YOUR GOAL: Start at the first line below and write out everything verbatim except the pictures.

SUPPLIED INFORMATION:
□ □ □
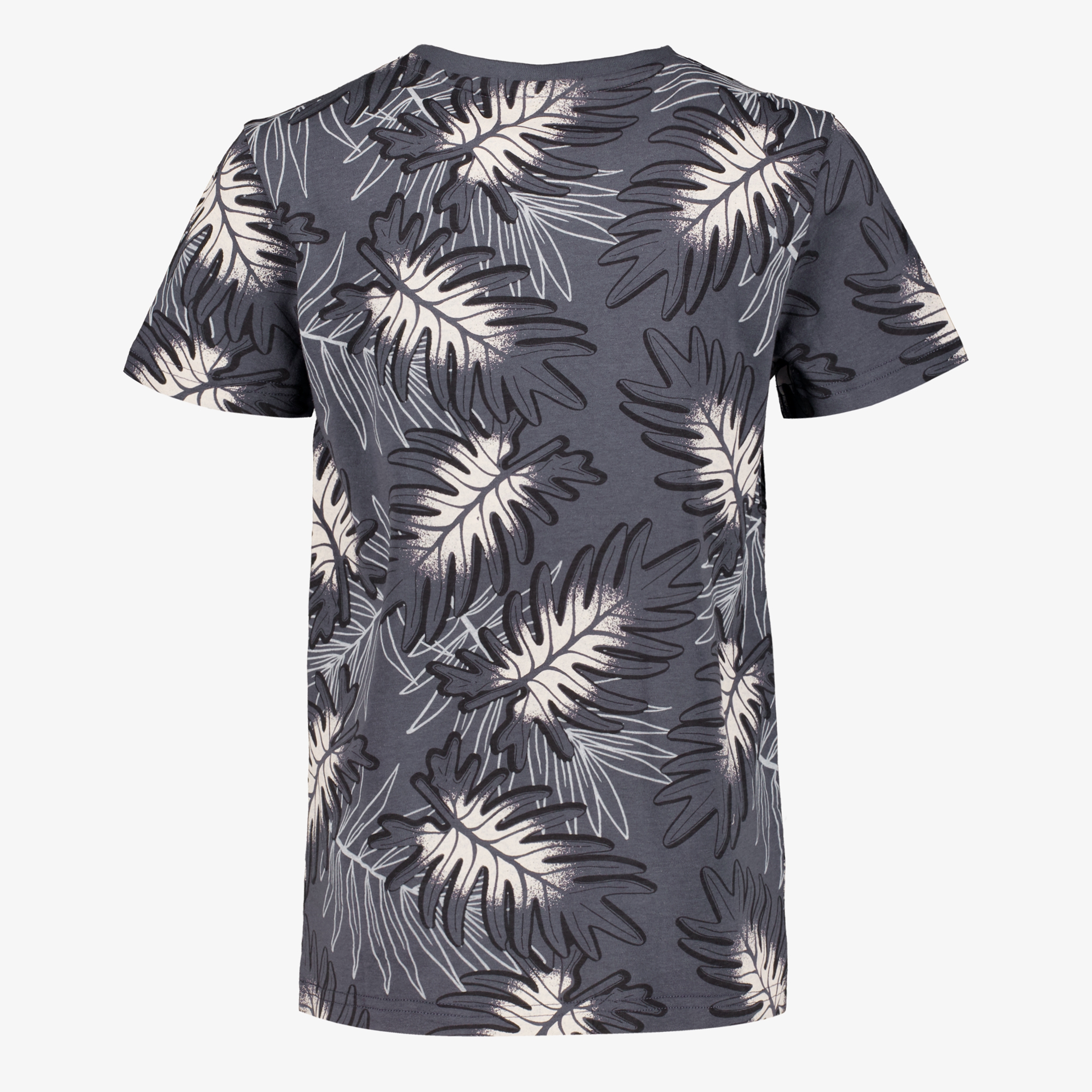 Blauw T-shirt voor jongens van Unsigned. Voorzien van korte mouwen en een ronde hals. Het shirt heeft een all over palmbladeren print en is gemaakt van 100% katoen.
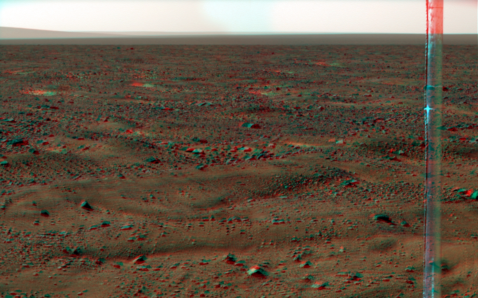 | Abb. 6b: Blick von Phoenix nach Norden auf das Randgebirge des Kraters Heimdall in 3D. Mit einer rotgrün-Brille zeigt sich besonders deutlich, wie wellig die Marsoberfläche an dieser Stelle eigentlich ist. |
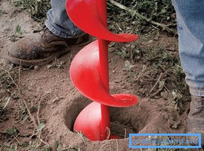 - The drill is lowered to the location of the future well and cranked around its axis. The drill is turned, holding the handle until full penetration into the ground.
□ □ □
RESULT:
 Blauw T-shirt voor jongens van Unsigned. Voorzien van korte mouwen en een ronde hals. Het shirt heeft een all over palmbladeren print en is gemaakt van 100% katoen.
 | Abb. 6b: Blick von Phoenix nach Norden auf das Randgebirge des Kraters Heimdall in 3D. Mit einer rotgrün-Brille zeigt sich besonders deutlich, wie wellig die Marsoberfläche an dieser Stelle eigentlich ist. |
 - The drill is lowered to the location of the future well and cranked around its axis. The drill is turned, holding the handle until full penetration into the ground.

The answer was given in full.